Gonçalo Pereira Ribeiro Telles (24 May 1922 – 11 November 2020) was a Portuguese politician and landscape architect. He was born and died in Lisbon.
He was a founder of the People's Monarchist Party in 1974, and led it until 1994, when he left the party. He later founded the ecologist movement Movimento Partido da Terra, now called MPT – Partido da Terra.

He was also Minister for Quality of Life in the Democratic Alliance governments, and one of the first Portuguese politicians to call attention to ecological problems, having an influence far beyond the tiny size of the parties he led.

Academic and professional career 
Gonçalo Ribeiro Telles graduated in Agronomy Engineering and finished the Free Course in Landscape Architecture at the Higher Institute of Agronomy of the Technical University of Lisbon (ISA).

He began his professional life in the services of the Lisbon City Council, while teaching at ISA, becoming a disciple of Francisco Caldeira Cabral, pioneer of landscape architecture in Portugal.
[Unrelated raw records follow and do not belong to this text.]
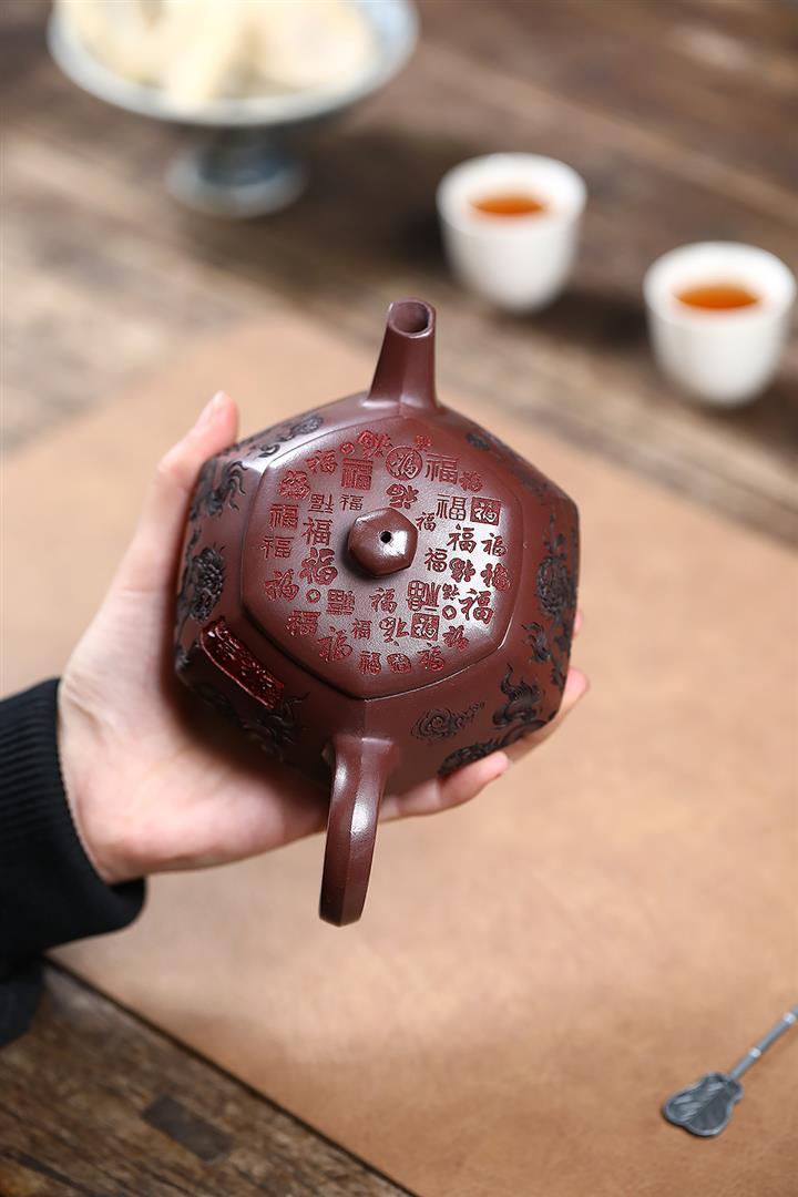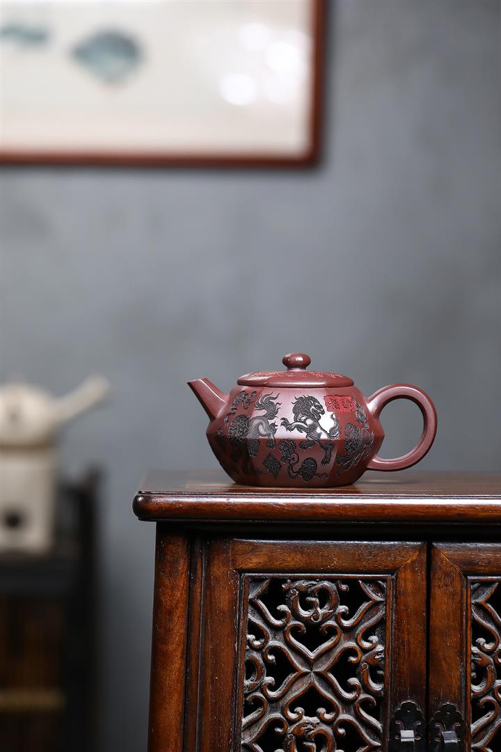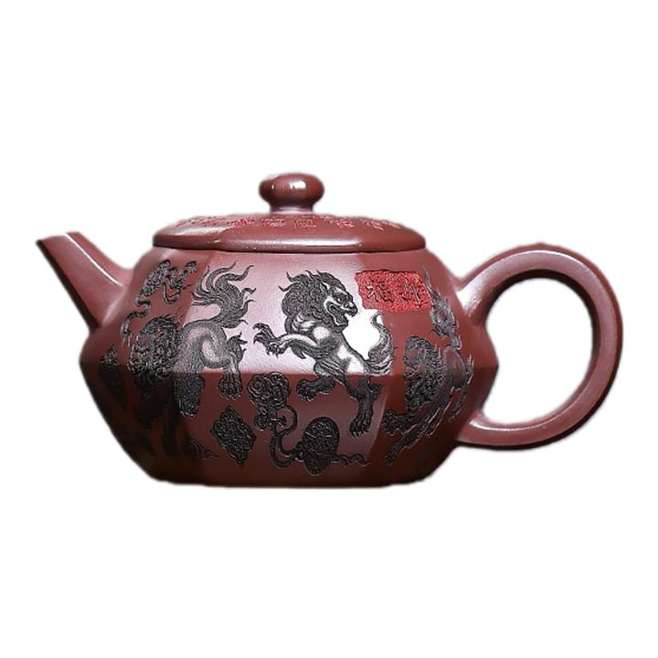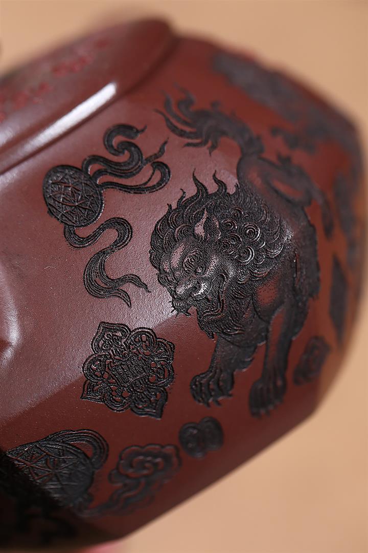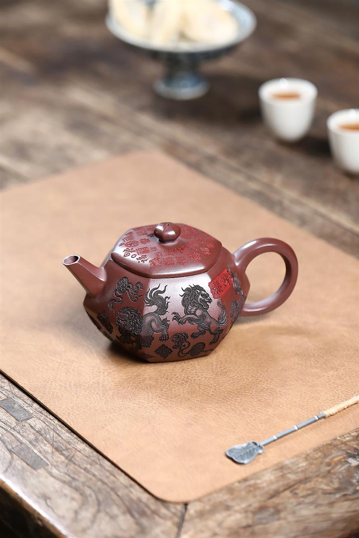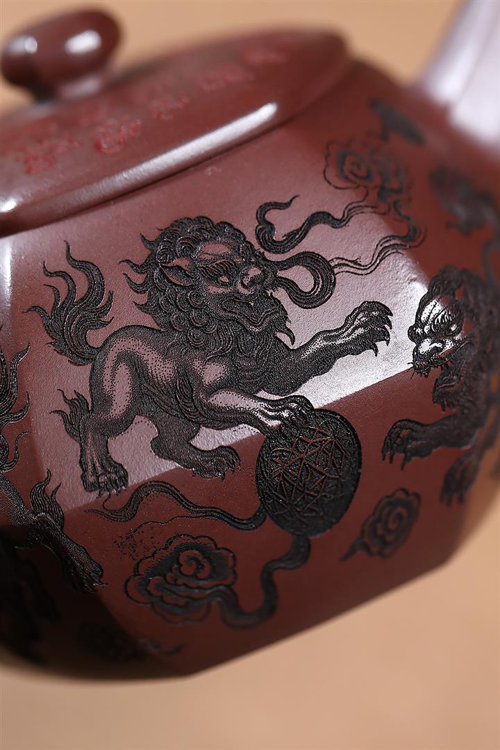 390cc原礦老紫泥六方福獅獻瑞茶壺POT9525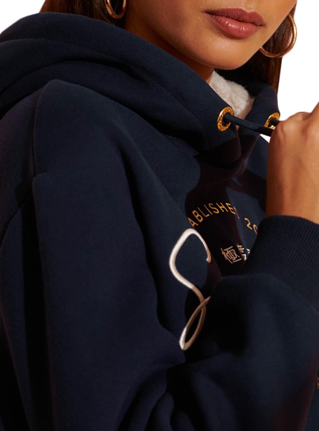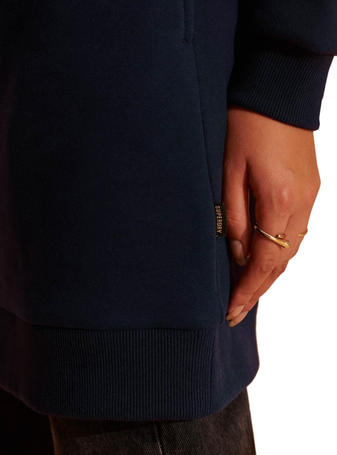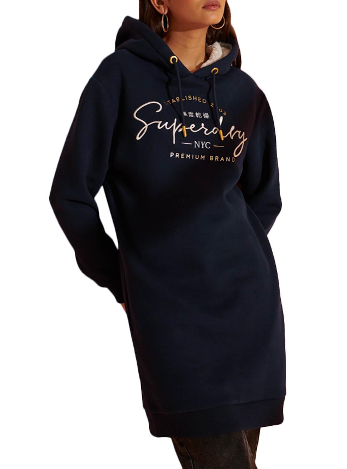 Vestido Superdry. Modelo Established . Cor da Marinha. Capuz com cabo ajustável. Extremidades com nervuras. Estilo de moletom. Bolsos laterais. Logótipo bordado no peito. Detalhes em ouro.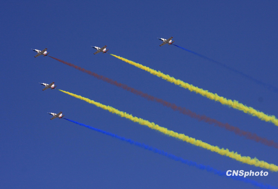 2009年10月1日,中華人民共和國(guó)成立60周年慶祝大會(huì)在北京天安門(mén)廣場(chǎng)舉行。圖為教練機(jī)梯隊(duì)飛過(guò)天安門(mén)廣場(chǎng)上空。中新社發(fā) 郭國(guó)權(quán) 攝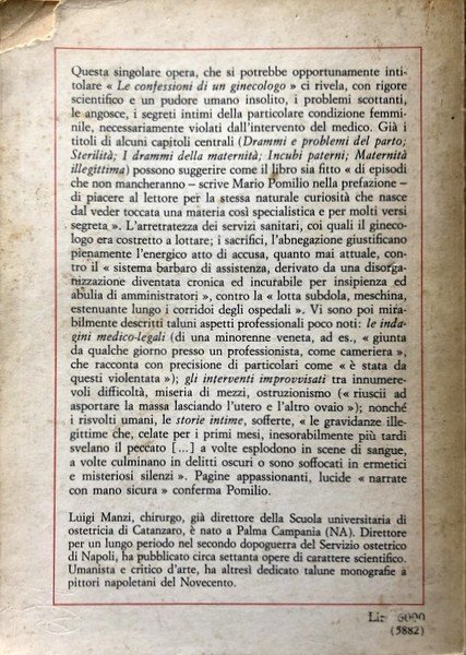 Questa singolare opera, che si potrebbe opportunamente intitolare «Le confessioni di un ginecologo» ci rivela, con rigore scientifico e un pudore umano insolito, i problemi scottanti, le angosce, i segreti intimi della particolare condizione femminile, necessariamente violati dall'intervento del medico. Già i titoli di alcuni capitoli centrali (Drammi e problemi del parto; Sterilità; I drammi della maternità; Incubi paterni; Maternità illegittima) possono suggerire come il libro sia fitto «di episodi che non mancheranno - scrive Mario Pomilio nella prefazione - di piacere al lettore per la stessa naturale curiosità che nasce dal veder toccata una materia così specialistica e per molti versi segreta». L'arretratezza dei servizi sanitari, coi quali il ginecologo era costretto a lottare; i sacrifici, l'abnegazione giustificano pienamente l'energico atto di accusa, quanto mai attuale, contro il «sistema barbaro di assistenza, derivato da una disorganizzazione diventata cronica ed incurabile per insipienza ed abulia di amministratori», contro la «lotta subdola, meschina, estenuante lungo i corridoi degli ospedali». Vi sono poi mirabilmente descritti taluni aspetti professionali poco noti: le indagini medico-legali (di una minorenne veneta, ad es., «giunta da qualche giorno presso un professionista, come cameriera», che racconta con precisione di particolari come «è stata da questi violentata»); gli interventi improvvisati tra innumerevoli difficoltà, miseria di mezzi, ostruzionismo («riuscii ad asportare la massa lasciando l'utero e l'altro ovaio»); nonché i risvolti umani, le storie intime, sofferte, «le gravidanze illegittime che, celate per i primi mesi, inesorabilmente più tardi svelano il peccato [.] a volte esplodono in scene di sangue, a volte culminano in delitti oscuri o sono soffocati in ermetici e misteriosi silenzi». Pagine appassionanti, lucide «narrate con mano sicura» conferma Pomilio.

With this professor, he will publish the book A Árvore in Portugal, a reference work on tree species existing in our country.

In the Lisbon Chamber he joined, from 1951 to 1953, the Division of forestation and Gardening, passing in 1955 the landscape architect of the Office of Urbanisation Studies of cml, directed by the engineer Guimarães Lobato, where he remained until 1960. 

From 1971 to 1974 he also directed, as a landscape architect, the Biophysical planning and Green Spaces Sector of the Housing Development Fund. 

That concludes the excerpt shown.